*WHAT NEEDS TO BE DONE*
Once you reach the line with "慰问组来到病床前,与老干部们" below, copy each line exactly, stopping after the line with "Чайник с фильтром", and skip any pictures.

*RECORD EXTRACTS*
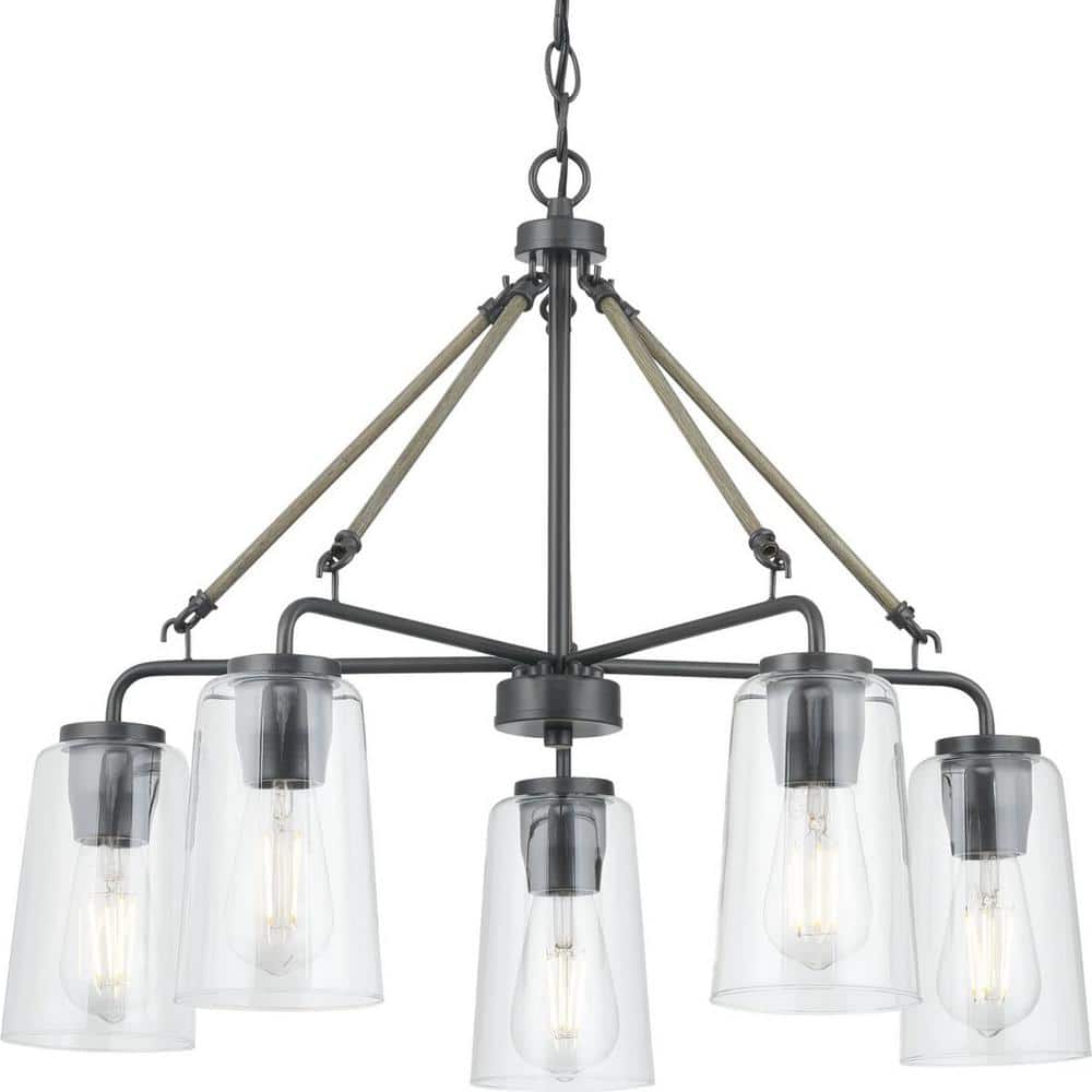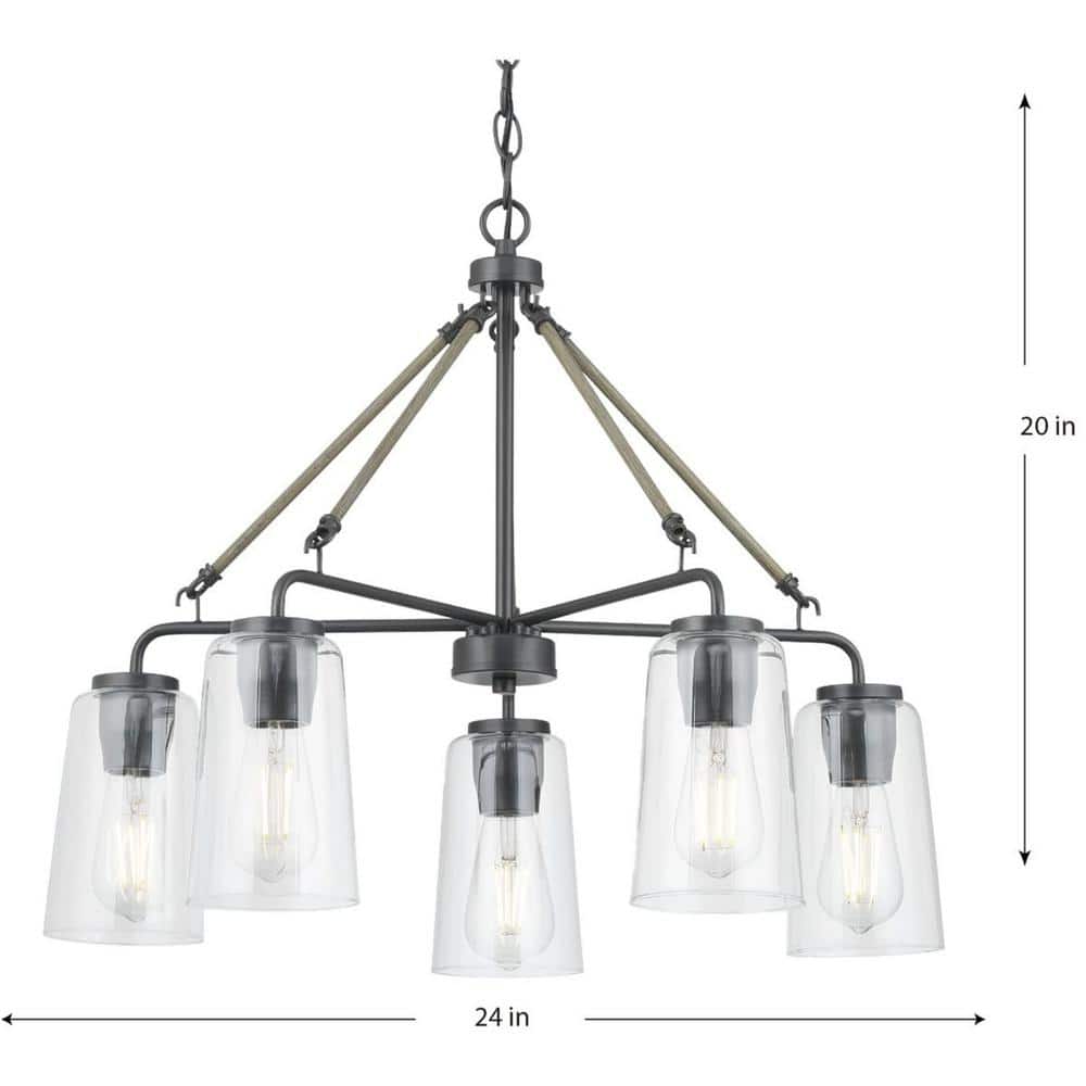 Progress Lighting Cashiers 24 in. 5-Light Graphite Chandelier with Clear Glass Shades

* * *

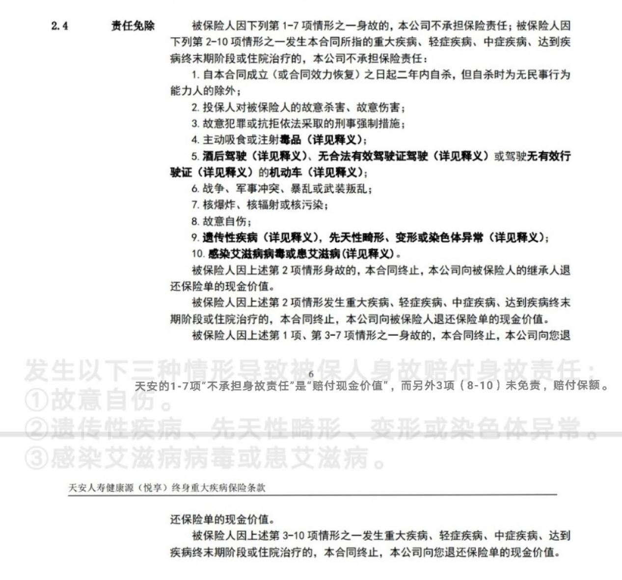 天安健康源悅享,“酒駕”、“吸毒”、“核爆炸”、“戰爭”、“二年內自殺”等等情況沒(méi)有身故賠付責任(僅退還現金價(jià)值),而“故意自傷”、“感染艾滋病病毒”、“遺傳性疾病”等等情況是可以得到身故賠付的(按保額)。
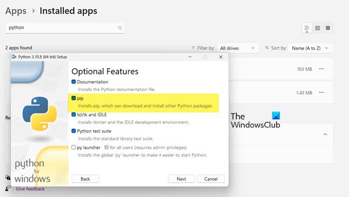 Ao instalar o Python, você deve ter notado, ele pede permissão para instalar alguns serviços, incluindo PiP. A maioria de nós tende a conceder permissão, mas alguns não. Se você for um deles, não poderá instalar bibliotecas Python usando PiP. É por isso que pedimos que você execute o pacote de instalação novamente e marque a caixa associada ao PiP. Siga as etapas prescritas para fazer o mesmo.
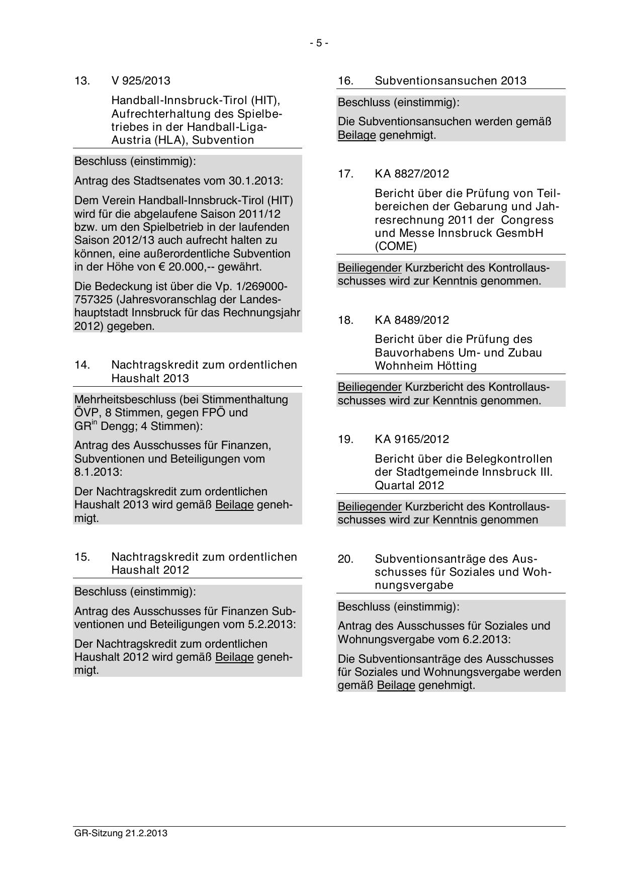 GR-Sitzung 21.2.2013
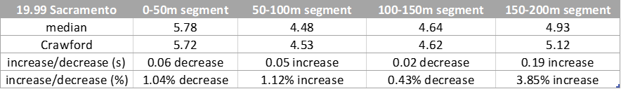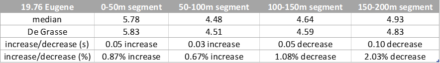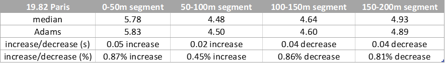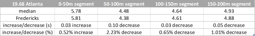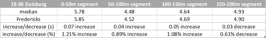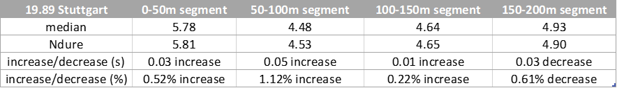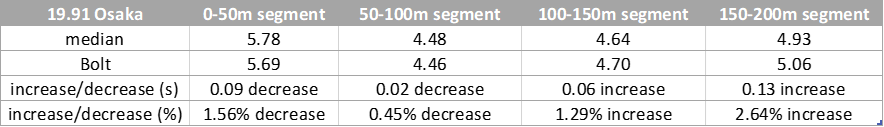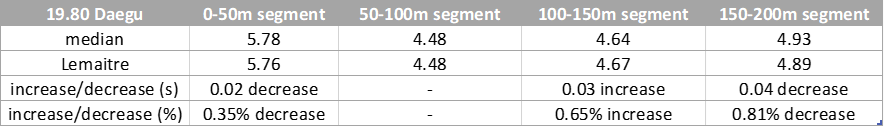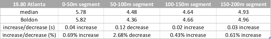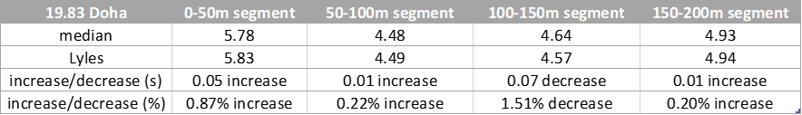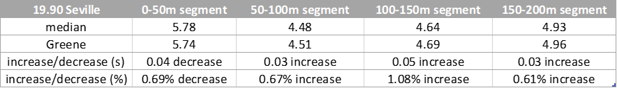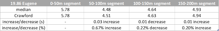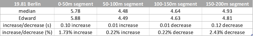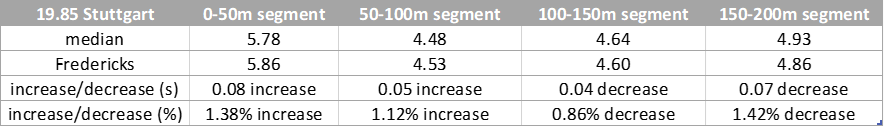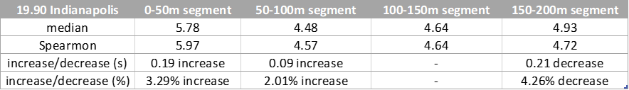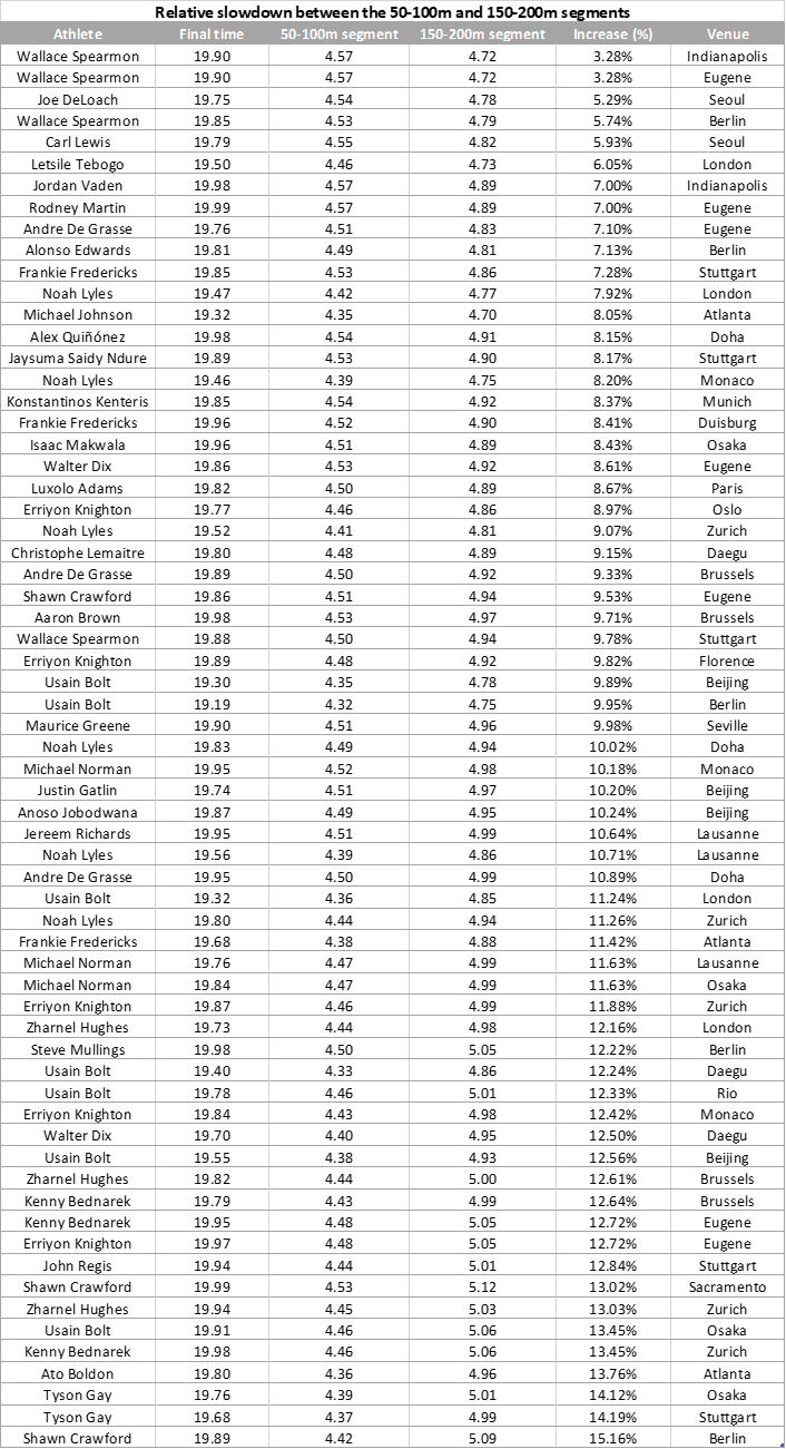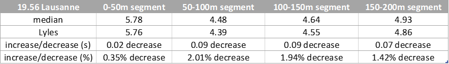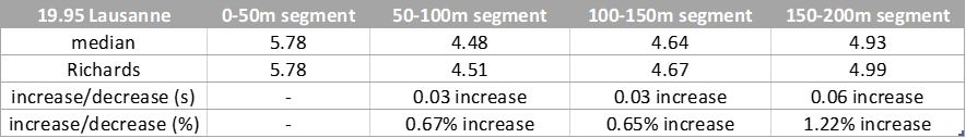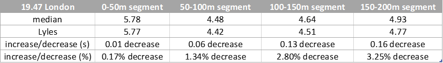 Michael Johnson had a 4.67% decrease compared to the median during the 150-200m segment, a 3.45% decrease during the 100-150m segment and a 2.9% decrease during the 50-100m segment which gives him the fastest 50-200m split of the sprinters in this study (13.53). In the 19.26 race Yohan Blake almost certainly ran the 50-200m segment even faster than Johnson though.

---

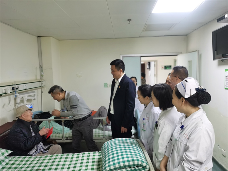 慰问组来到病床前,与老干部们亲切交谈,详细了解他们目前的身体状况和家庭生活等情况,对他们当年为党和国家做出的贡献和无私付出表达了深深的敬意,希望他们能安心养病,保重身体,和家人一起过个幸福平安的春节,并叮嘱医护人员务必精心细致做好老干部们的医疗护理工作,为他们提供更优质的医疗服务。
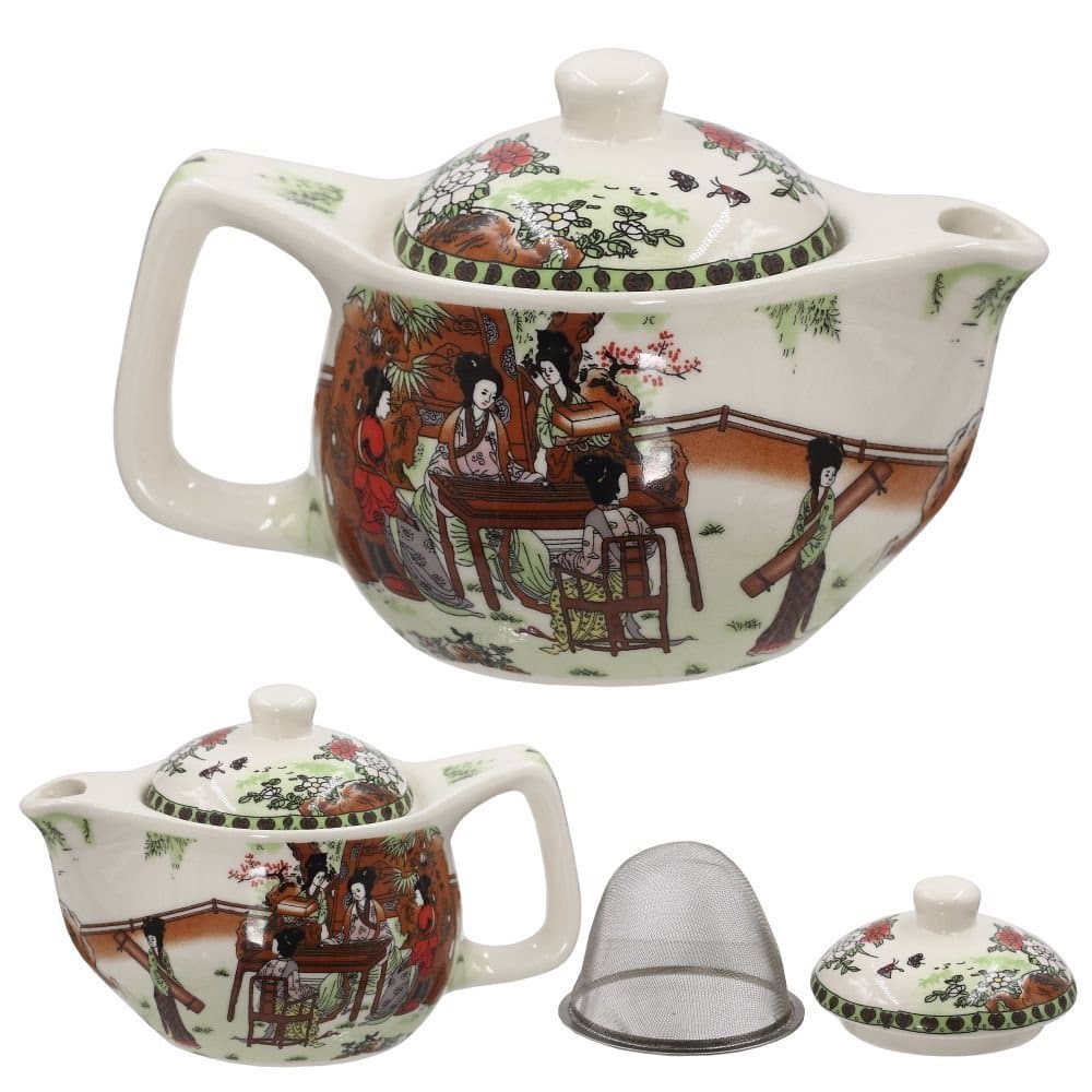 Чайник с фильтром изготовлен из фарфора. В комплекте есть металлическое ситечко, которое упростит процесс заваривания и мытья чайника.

*SOLUTION BELOW*
 慰问组来到病床前,与老干部们亲切交谈,详细了解他们目前的身体状况和家庭生活等情况,对他们当年为党和国家做出的贡献和无私付出表达了深深的敬意,希望他们能安心养病,保重身体,和家人一起过个幸福平安的春节,并叮嘱医护人员务必精心细致做好老干部们的医疗护理工作,为他们提供更优质的医疗服务。
 Чайник с фильтром изготовлен из фарфора. В комплекте есть металлическое ситечко, которое упростит процесс заваривания и мытья чайника.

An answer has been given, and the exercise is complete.